(Given data begins)

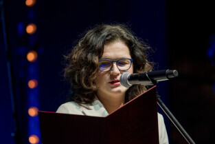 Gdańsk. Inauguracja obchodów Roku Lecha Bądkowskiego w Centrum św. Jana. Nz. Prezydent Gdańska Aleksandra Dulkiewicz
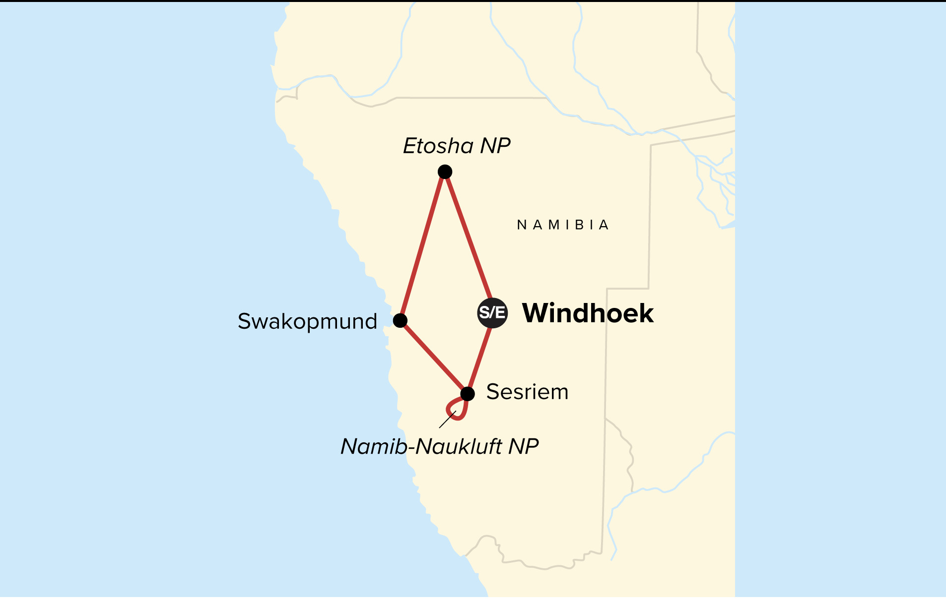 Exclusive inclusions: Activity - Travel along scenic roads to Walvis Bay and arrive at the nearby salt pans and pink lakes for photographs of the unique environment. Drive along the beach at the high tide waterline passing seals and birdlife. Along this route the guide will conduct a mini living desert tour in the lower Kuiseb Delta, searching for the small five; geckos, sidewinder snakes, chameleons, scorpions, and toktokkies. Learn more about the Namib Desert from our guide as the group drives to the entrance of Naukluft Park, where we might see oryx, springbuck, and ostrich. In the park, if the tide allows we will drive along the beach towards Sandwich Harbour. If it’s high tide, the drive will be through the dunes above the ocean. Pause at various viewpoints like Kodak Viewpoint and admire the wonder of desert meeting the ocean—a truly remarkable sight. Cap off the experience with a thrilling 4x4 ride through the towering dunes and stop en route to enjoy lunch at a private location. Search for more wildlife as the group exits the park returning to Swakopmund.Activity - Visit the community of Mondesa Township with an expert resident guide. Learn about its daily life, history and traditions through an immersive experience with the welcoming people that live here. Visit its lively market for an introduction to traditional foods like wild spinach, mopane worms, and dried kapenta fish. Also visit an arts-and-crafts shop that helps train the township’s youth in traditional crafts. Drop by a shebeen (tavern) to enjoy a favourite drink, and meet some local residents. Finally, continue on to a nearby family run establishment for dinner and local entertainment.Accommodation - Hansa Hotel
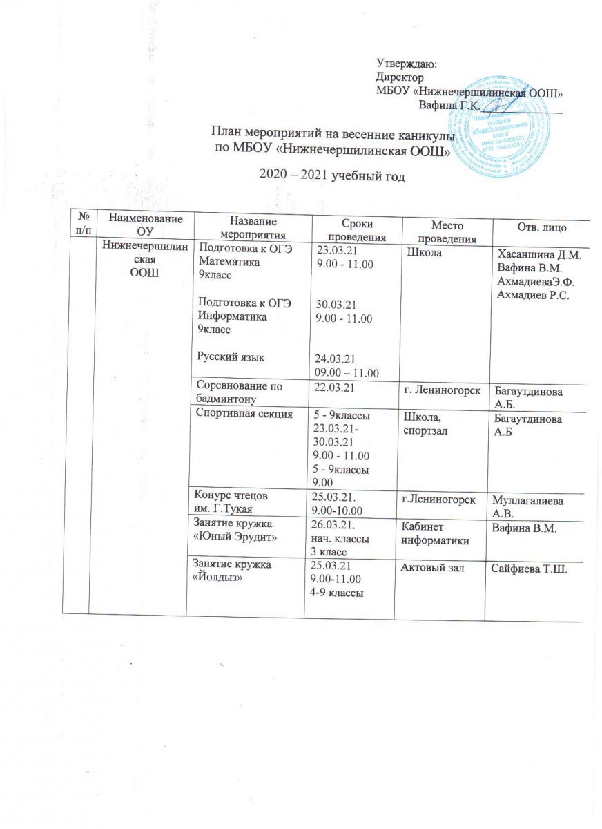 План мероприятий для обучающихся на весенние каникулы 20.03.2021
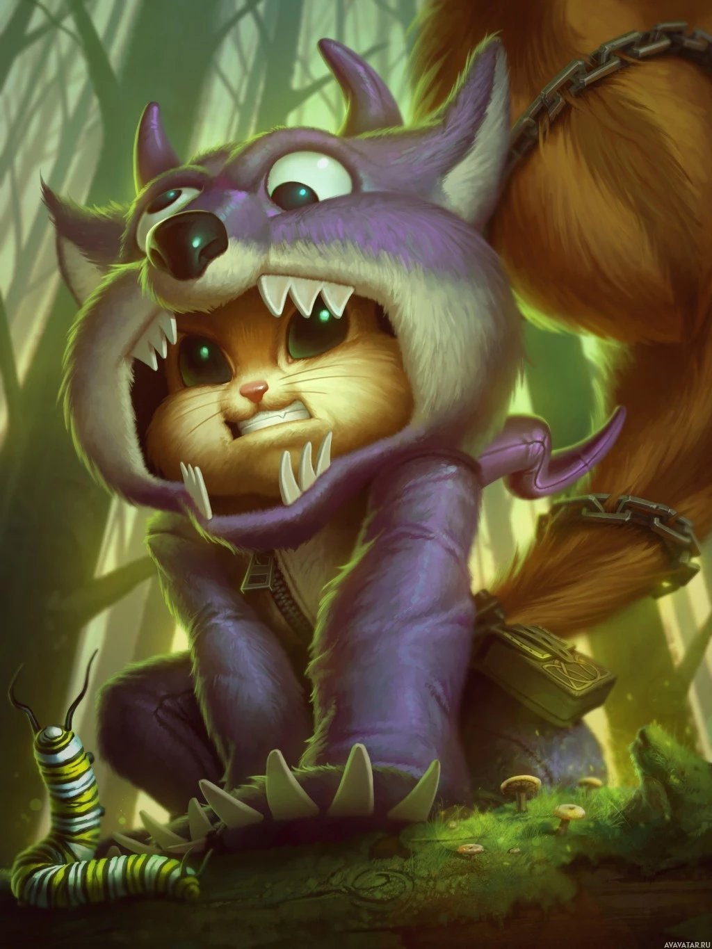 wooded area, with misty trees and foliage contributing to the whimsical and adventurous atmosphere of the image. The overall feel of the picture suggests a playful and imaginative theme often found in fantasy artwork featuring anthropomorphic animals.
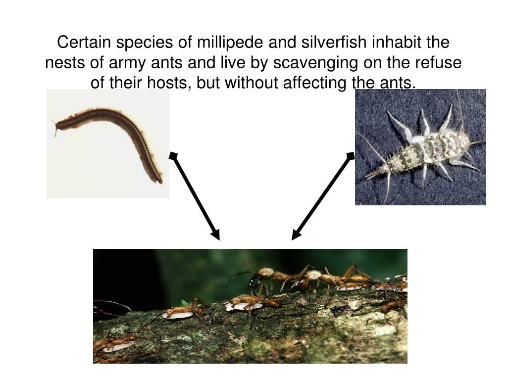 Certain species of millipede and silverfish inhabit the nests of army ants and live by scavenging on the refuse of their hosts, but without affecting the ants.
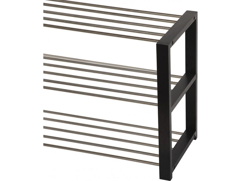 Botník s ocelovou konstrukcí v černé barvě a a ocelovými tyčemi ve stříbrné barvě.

(Given data ends)

Apart from the pictures, every record must be set down exactly.

 Gdańsk. Inauguracja obchodów Roku Lecha Bądkowskiego w Centrum św. Jana. Nz. Prezydent Gdańska Aleksandra Dulkiewicz
 Exclusive inclusions: Activity - Travel along scenic roads to Walvis Bay and arrive at the nearby salt pans and pink lakes for photographs of the unique environment. Drive along the beach at the high tide waterline passing seals and birdlife. Along this route the guide will conduct a mini living desert tour in the lower Kuiseb Delta, searching for the small five; geckos, sidewinder snakes, chameleons, scorpions, and toktokkies. Learn more about the Namib Desert from our guide as the group drives to the entrance of Naukluft Park, where we might see oryx, springbuck, and ostrich. In the park, if the tide allows we will drive along the beach towards Sandwich Harbour. If it’s high tide, the drive will be through the dunes above the ocean. Pause at various viewpoints like Kodak Viewpoint and admire the wonder of desert meeting the ocean—a truly remarkable sight. Cap off the experience with a thrilling 4x4 ride through the towering dunes and stop en route to enjoy lunch at a private location. Search for more wildlife as the group exits the park returning to Swakopmund.Activity - Visit the community of Mondesa Township with an expert resident guide. Learn about its daily life, history and traditions through an immersive experience with the welcoming people that live here. Visit its lively market for an introduction to traditional foods like wild spinach, mopane worms, and dried kapenta fish. Also visit an arts-and-crafts shop that helps train the township’s youth in traditional crafts. Drop by a shebeen (tavern) to enjoy a favourite drink, and meet some local residents. Finally, continue on to a nearby family run establishment for dinner and local entertainment.Accommodation - Hansa Hotel
 План мероприятий для обучающихся на весенние каникулы 20.03.2021
 wooded area, with misty trees and foliage contributing to the whimsical and adventurous atmosphere of the image. The overall feel of the picture suggests a playful and imaginative theme often found in fantasy artwork featuring anthropomorphic animals.
 Certain species of millipede and silverfish inhabit the nests of army ants and live by scavenging on the refuse of their hosts, but without affecting the ants.
 Botník s ocelovou konstrukcí v černé barvě a a ocelovými tyčemi ve stříbrné barvě.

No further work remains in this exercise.